Exercise brief
Pictures stay out of the copy. Repeat exactly the lines from the first entry below through the line that contains "參數為一個可迭代對象,如果該", and nothing beyond.

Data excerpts
*** Begin section ***

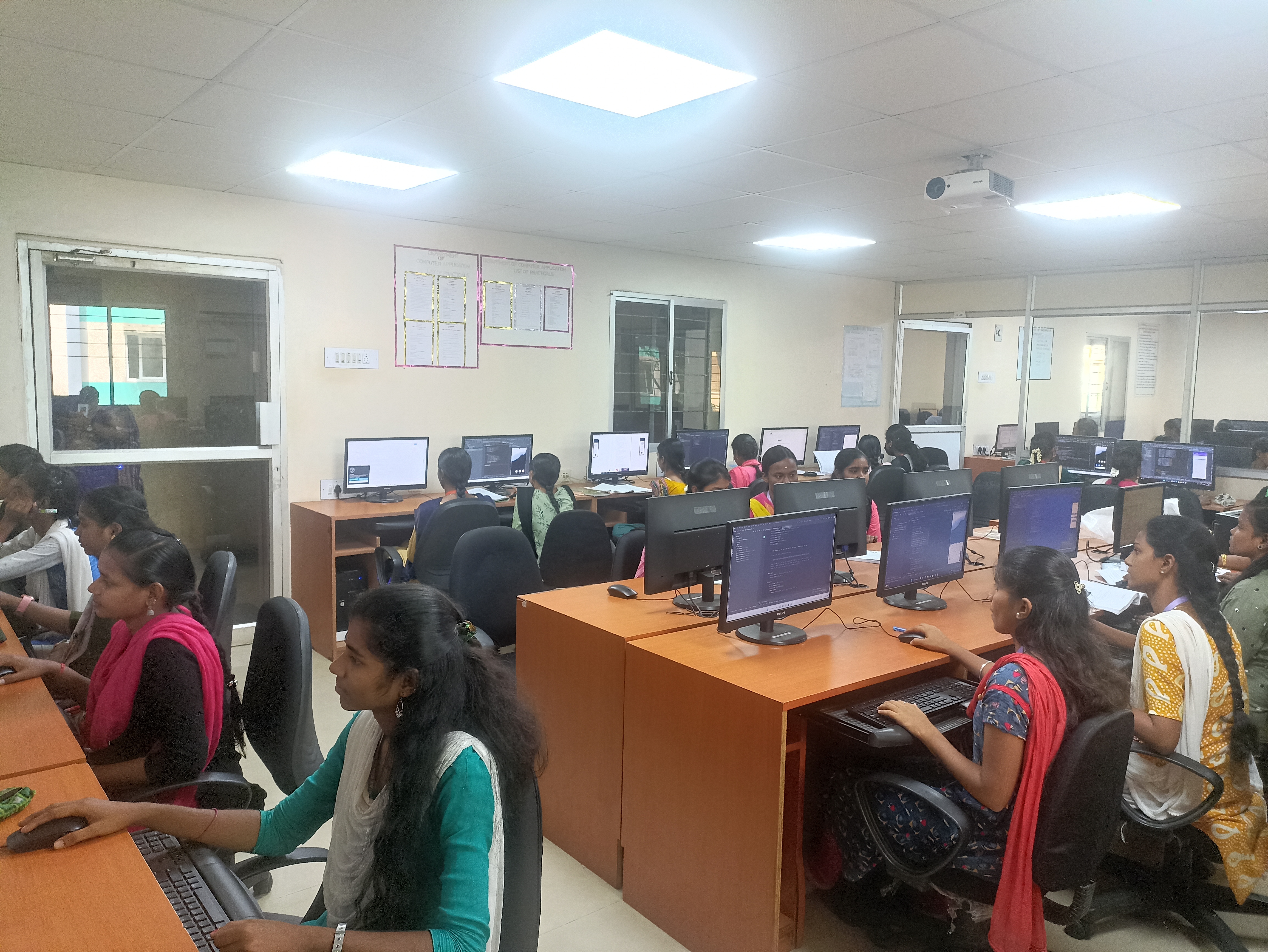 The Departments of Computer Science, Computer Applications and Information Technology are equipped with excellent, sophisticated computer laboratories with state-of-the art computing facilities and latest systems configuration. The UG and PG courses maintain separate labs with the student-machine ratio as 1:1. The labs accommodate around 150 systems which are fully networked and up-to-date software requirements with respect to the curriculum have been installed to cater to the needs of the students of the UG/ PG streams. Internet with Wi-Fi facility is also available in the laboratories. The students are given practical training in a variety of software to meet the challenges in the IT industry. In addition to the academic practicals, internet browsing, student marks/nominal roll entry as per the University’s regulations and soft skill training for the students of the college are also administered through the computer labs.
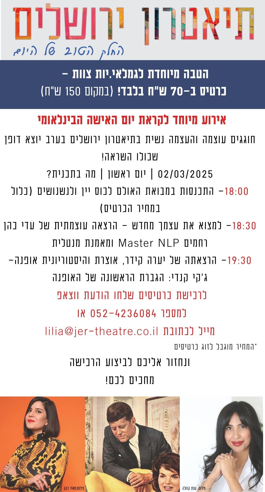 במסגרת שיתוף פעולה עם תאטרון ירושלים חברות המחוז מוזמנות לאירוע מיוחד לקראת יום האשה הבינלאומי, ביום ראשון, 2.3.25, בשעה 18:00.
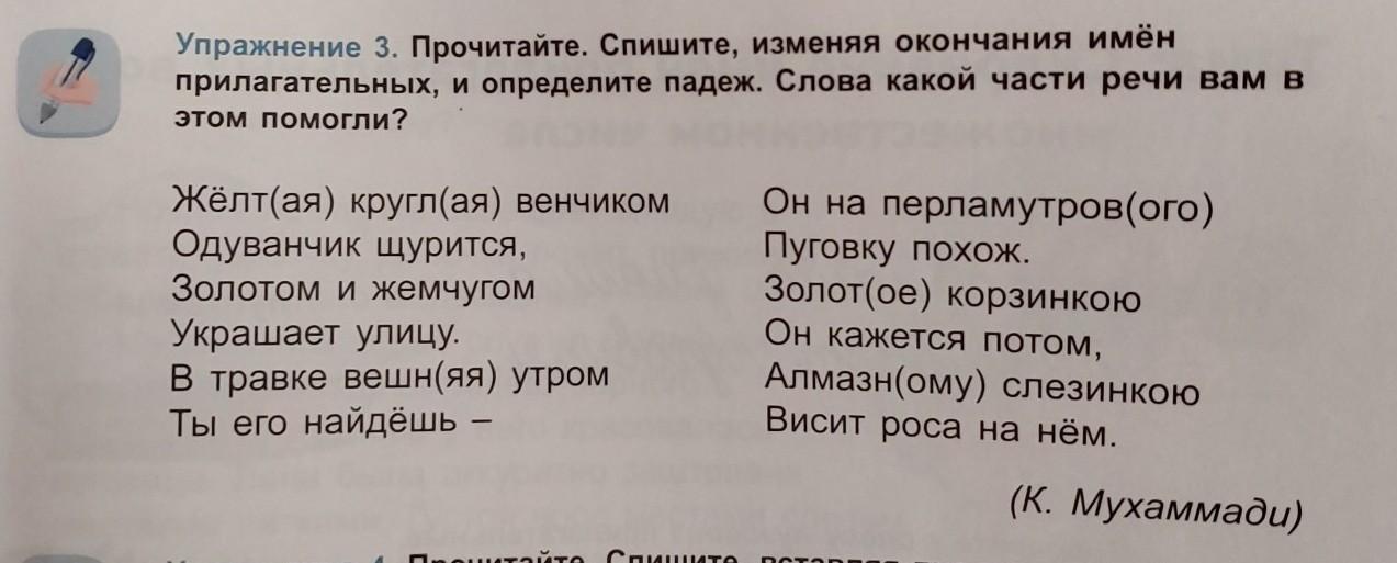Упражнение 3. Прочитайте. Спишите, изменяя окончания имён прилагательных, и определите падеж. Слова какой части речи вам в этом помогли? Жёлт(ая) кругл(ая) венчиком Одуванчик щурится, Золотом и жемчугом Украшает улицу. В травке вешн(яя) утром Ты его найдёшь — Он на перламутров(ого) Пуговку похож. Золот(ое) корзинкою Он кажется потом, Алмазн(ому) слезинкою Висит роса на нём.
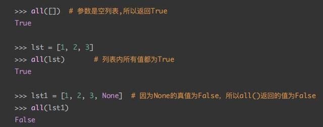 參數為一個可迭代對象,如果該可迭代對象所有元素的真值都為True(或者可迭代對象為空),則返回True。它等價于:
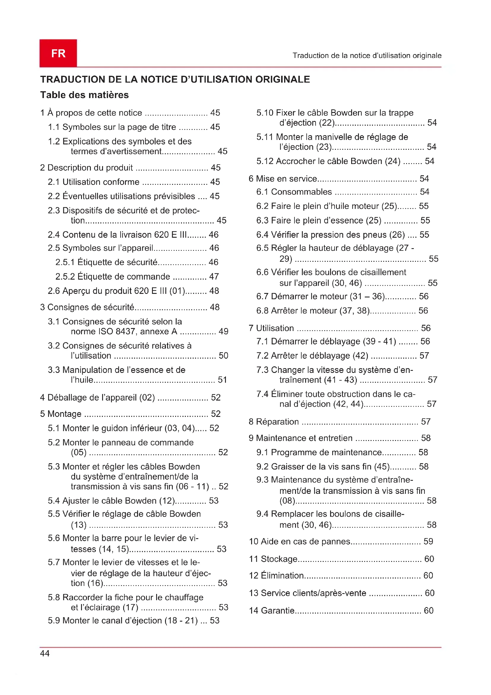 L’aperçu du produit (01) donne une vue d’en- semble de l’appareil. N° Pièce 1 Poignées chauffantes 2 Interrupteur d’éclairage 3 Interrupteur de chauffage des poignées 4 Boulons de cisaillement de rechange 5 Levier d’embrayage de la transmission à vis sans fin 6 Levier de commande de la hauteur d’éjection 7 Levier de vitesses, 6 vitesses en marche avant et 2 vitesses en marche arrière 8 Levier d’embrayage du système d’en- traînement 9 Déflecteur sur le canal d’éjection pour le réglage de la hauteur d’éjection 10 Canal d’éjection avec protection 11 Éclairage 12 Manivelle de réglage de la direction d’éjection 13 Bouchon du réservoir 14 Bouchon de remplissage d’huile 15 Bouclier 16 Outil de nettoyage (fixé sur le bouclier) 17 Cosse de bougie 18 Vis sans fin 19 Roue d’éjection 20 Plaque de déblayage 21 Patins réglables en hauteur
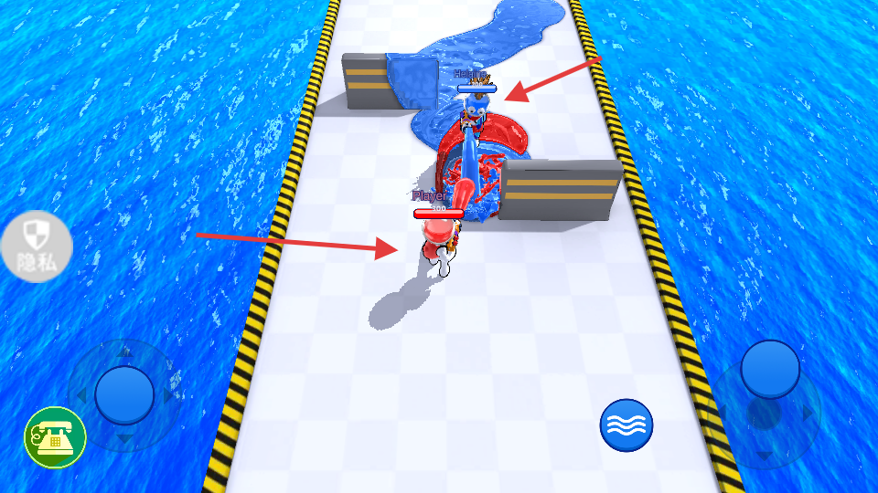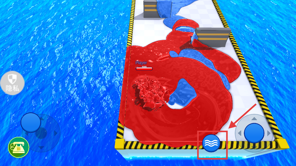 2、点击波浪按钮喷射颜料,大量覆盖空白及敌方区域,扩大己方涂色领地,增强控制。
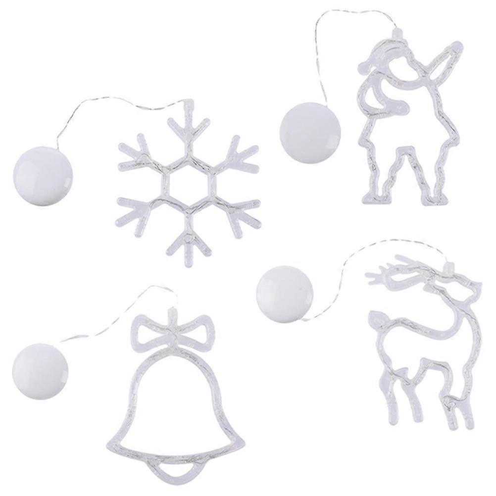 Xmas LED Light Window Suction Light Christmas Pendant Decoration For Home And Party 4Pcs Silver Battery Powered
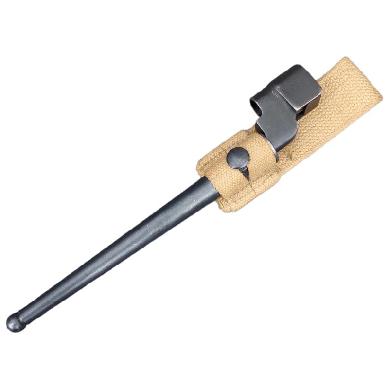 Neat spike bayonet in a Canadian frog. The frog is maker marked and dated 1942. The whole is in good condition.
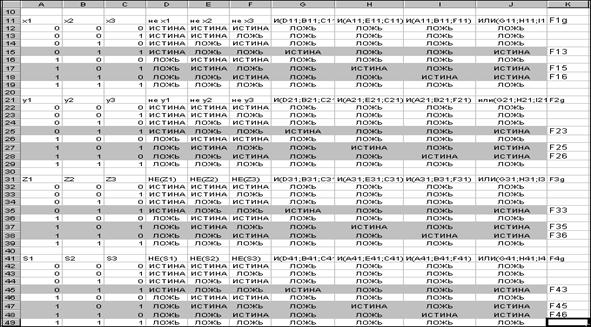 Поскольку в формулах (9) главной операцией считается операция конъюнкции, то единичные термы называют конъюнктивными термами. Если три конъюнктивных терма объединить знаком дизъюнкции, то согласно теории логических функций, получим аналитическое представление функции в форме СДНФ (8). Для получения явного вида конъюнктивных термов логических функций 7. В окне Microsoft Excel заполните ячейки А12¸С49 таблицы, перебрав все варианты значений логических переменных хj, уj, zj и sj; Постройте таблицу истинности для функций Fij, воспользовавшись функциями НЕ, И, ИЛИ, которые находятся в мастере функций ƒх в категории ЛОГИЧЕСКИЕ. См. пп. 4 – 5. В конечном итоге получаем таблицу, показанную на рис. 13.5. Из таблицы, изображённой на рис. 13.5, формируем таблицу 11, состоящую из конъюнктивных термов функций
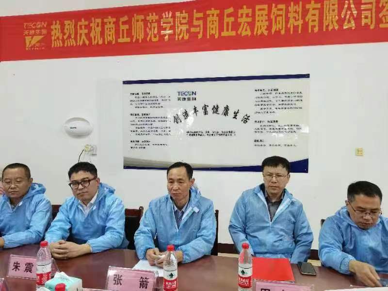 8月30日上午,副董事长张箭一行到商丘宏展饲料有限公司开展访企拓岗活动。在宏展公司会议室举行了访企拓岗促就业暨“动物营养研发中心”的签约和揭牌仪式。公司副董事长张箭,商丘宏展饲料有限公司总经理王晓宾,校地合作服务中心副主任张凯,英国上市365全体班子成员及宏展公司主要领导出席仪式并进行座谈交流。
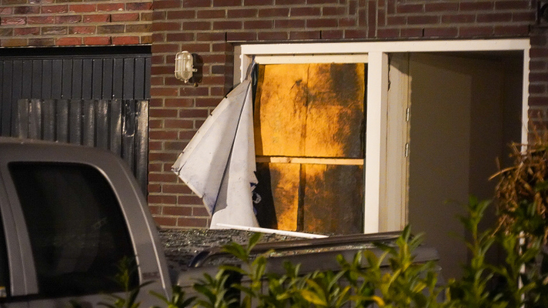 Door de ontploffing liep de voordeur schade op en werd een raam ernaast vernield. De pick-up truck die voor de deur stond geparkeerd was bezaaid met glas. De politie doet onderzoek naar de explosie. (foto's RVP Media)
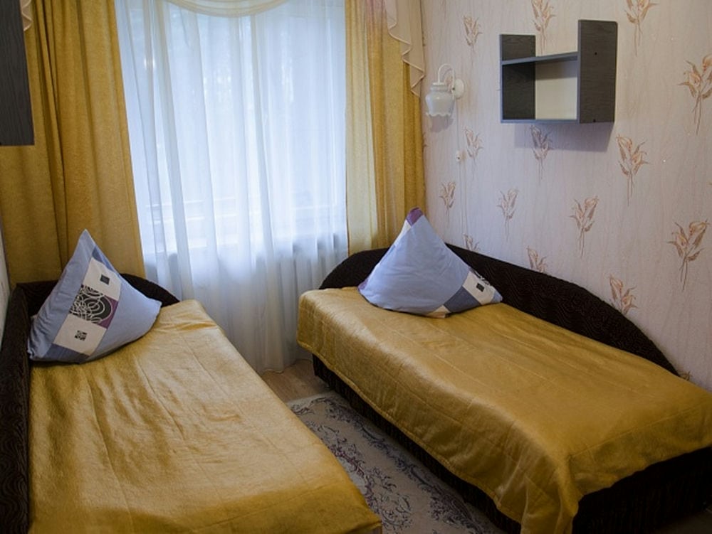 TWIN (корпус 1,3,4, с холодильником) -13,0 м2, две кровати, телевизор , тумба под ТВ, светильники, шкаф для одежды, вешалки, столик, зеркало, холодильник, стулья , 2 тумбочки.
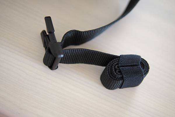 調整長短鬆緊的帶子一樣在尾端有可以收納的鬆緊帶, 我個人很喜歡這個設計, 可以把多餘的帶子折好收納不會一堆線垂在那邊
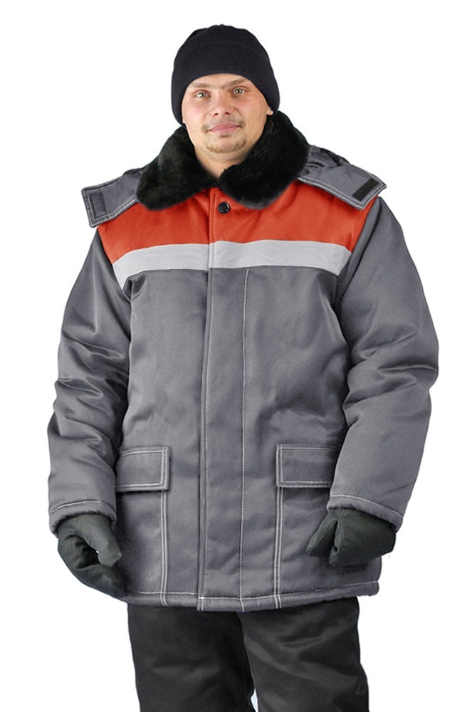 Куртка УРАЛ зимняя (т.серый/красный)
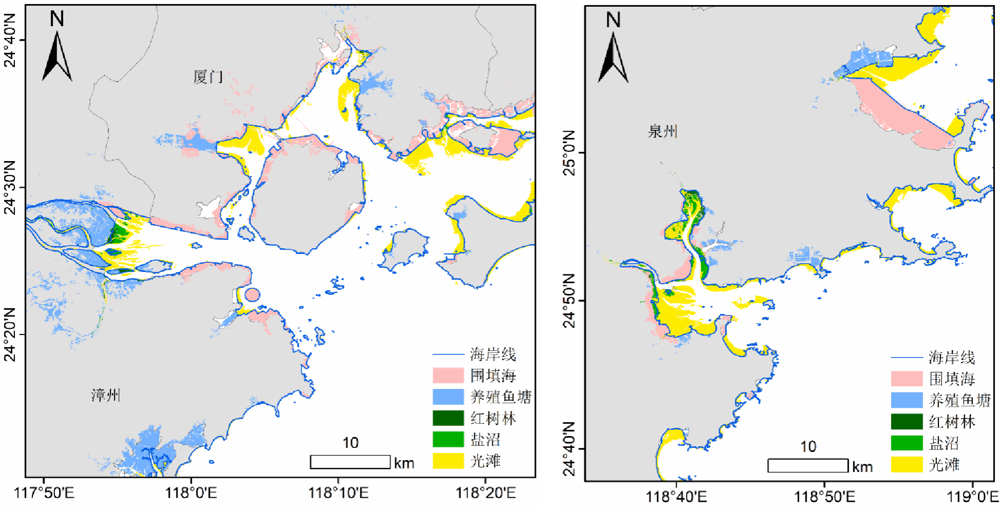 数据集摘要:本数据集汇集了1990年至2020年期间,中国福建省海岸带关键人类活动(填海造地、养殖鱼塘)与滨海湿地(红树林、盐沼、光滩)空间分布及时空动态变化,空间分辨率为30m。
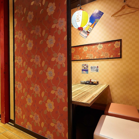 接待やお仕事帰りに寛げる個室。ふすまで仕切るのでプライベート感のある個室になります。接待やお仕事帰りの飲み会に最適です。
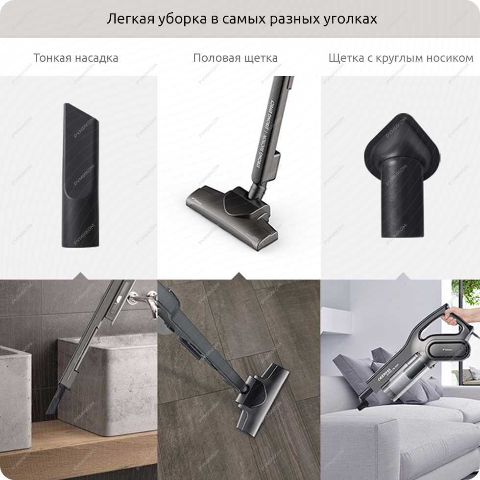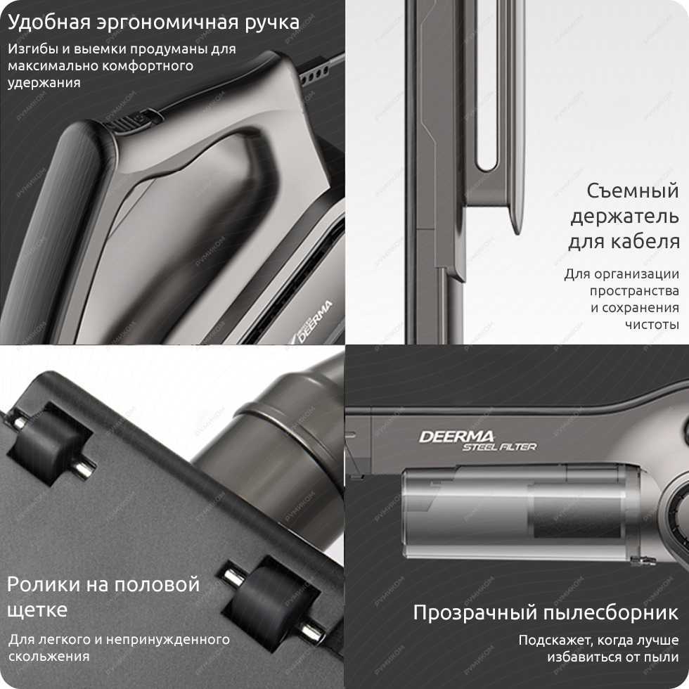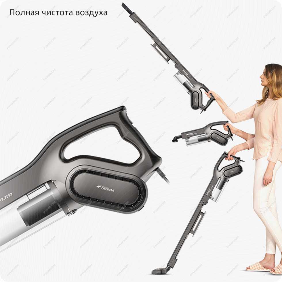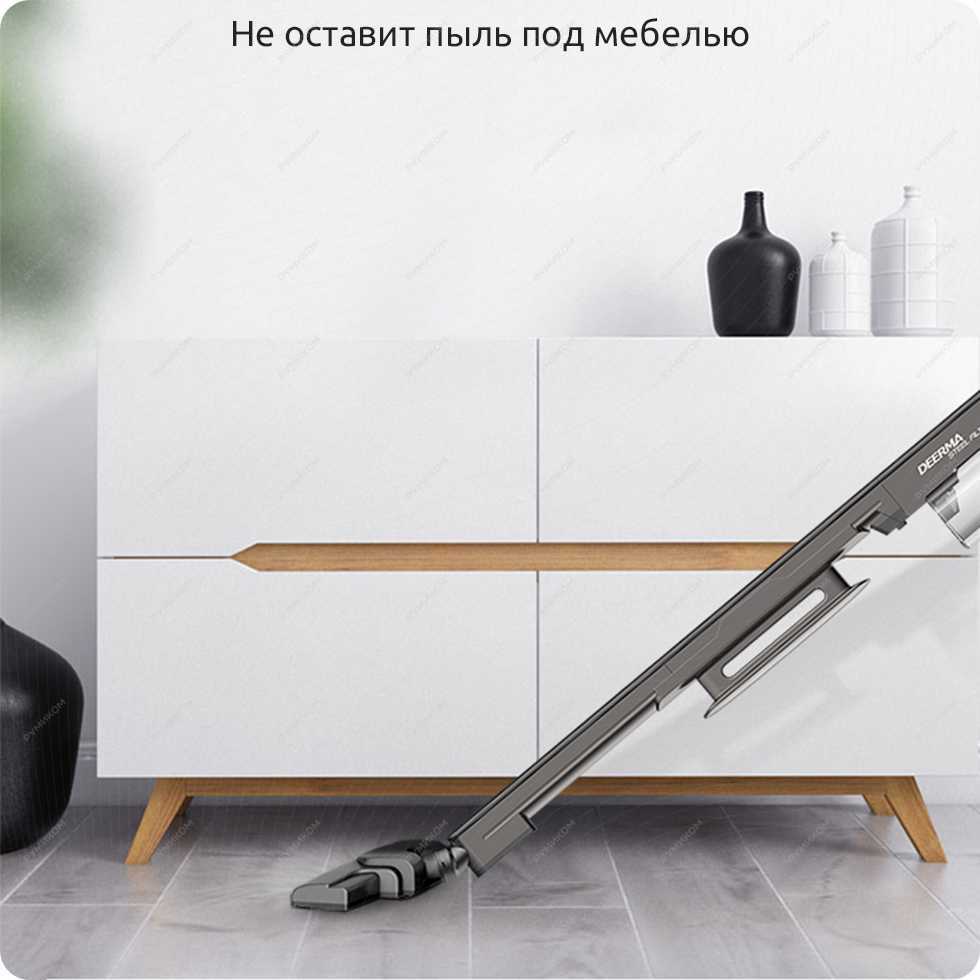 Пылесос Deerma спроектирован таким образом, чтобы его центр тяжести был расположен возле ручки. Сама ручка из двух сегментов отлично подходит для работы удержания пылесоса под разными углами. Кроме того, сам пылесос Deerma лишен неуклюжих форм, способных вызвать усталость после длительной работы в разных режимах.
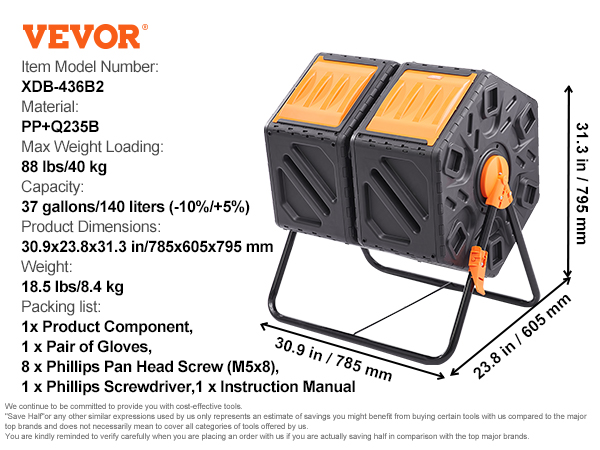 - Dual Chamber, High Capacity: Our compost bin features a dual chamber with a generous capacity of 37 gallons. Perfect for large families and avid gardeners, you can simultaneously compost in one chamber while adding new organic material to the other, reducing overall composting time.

*** End section ***

Expected answer
 The Departments of Computer Science, Computer Applications and Information Technology are equipped with excellent, sophisticated computer laboratories with state-of-the art computing facilities and latest systems configuration. The UG and PG courses maintain separate labs with the student-machine ratio as 1:1. The labs accommodate around 150 systems which are fully networked and up-to-date software requirements with respect to the curriculum have been installed to cater to the needs of the students of the UG/ PG streams. Internet with Wi-Fi facility is also available in the laboratories. The students are given practical training in a variety of software to meet the challenges in the IT industry. In addition to the academic practicals, internet browsing, student marks/nominal roll entry as per the University’s regulations and soft skill training for the students of the college are also administered through the computer labs.
 במסגרת שיתוף פעולה עם תאטרון ירושלים חברות המחוז מוזמנות לאירוע מיוחד לקראת יום האשה הבינלאומי, ביום ראשון, 2.3.25, בשעה 18:00.
Упражнение 3. Прочитайте. Спишите, изменяя окончания имён прилагательных, и определите падеж. Слова какой части речи вам в этом помогли? Жёлт(ая) кругл(ая) венчиком Одуванчик щурится, Золотом и жемчугом Украшает улицу. В травке вешн(яя) утром Ты его найдёшь — Он на перламутров(ого) Пуговку похож. Золот(ое) корзинкою Он кажется потом, Алмазн(ому) слезинкою Висит роса на нём.
 參數為一個可迭代對象,如果該可迭代對象所有元素的真值都為True(或者可迭代對象為空),則返回True。它等價于:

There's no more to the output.